Ricardo Dunia, LabVIEW R&D, National Instruments, 11500 N. Mopac Expwy, Austin, TX 78759 and Thomas Edison, Chemical Engineering, University of Texas in Austin, 1 University Station C0400, Austin, TX 78712.

Protein engineering has enabled the production of viruses that infect tumor cells [1]. Models of tumor and virus interactions have been recently developed and validated [2][3]. This new and effective cancer therapy has been modeled at the cell level by three state variables, which include the population of free virus particles controlled by the virotherapy dosage. A three dimensional simulations of a solid tumor at the macroscopic level has shown that the tumor eradication requires widespread distribution within the tumor at the time of infection [3]. It has been suggested that virotherapy alone may failed to eliminate a tumor in cases where the tumor vascular irrigation is not homogenously widespread [4]. The use of radiovirotherapy has been also modeled at the macroscopic level and relevant therapeutic scenarios have been proposed for its optimal treatment. This research work develops an efficient control strategy to eliminate a localized tumor subject to the maximum free virus concentrations and radiotherapy frequency attainable by the human body. The controller adapts to the different stages of the therapy by reducing the dosage as the tumor reduces its size. Although the core therapy model is developed at the cellular level, the feedback information provided to the nonlinear controller is at a macroscopic level, making the implementation of the closed loop therapy feasible to real applications.
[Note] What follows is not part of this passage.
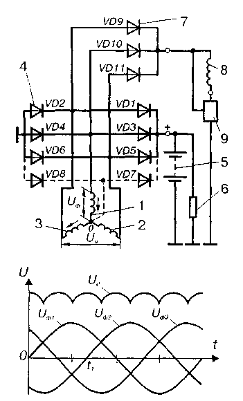 Рис.1. Принципиальная схема генераторной установки. Ur/IUr/e - напряжение н обмотках фаз; Urf -выпрямленное напряжение; 1,2,3- обмотки трех фаз статора; 4 -• диоды силового выпрямителя; 5 -аккумуляторная батарея; 6 - нагрузка; 7 - диоды выпрямителя обмотки возбуждения; 8 - обмотка возбуждения; 9 - регулятор напряжения

[1] Antibody Targeted Cell Fusion ; Nakamura, T., Peng, K. W., Vongpunsawad, S., Harvey, M., Mizuguchi, H., Hayakawa, T., Cattaneo, R., Russel, S., 2004. Nat. Biotechnology. 22 (3) 331-336.
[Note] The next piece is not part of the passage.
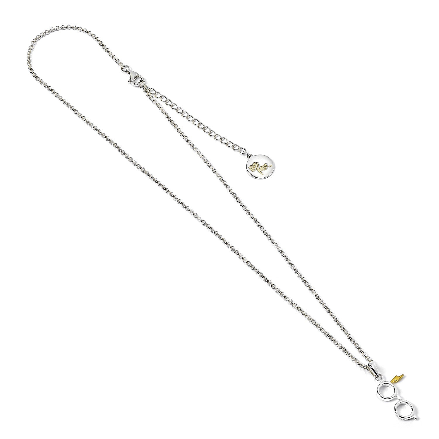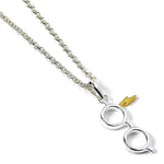 Celebrate your wizarding spirit with this stunning Sterling Silver necklace featuring two iconic Harry Potter symbols - delicate glasses and a gleaming gold-plated lightning bolt.

[2] Modeling of cancer virotherapy with recombinant measles viruses ; Zeljko Bajzer, Thomas Carr, Kresimir Josic, Stephen J. Russel David Dingli, 2008, Journal of Theoretical Biology, 252, 109-122.

[3]Validation and Analysis of a Mathematical Model of a Replication-competent Oncolytic Virus for Cancer Treatment: Implication for Virus Design and Delivery; L.M. Wein, J. Wu and D. Kirn, 2003, Cancer Research, 63, 1317-1324.

[4] Mathematical Modeling of Cancer Radiovirotherapy; D. Dingli, M. Cascino, K. Josic, S. Russell, Z. Bajzer, 2006, Mathematical Biosciences, 199, 55-78.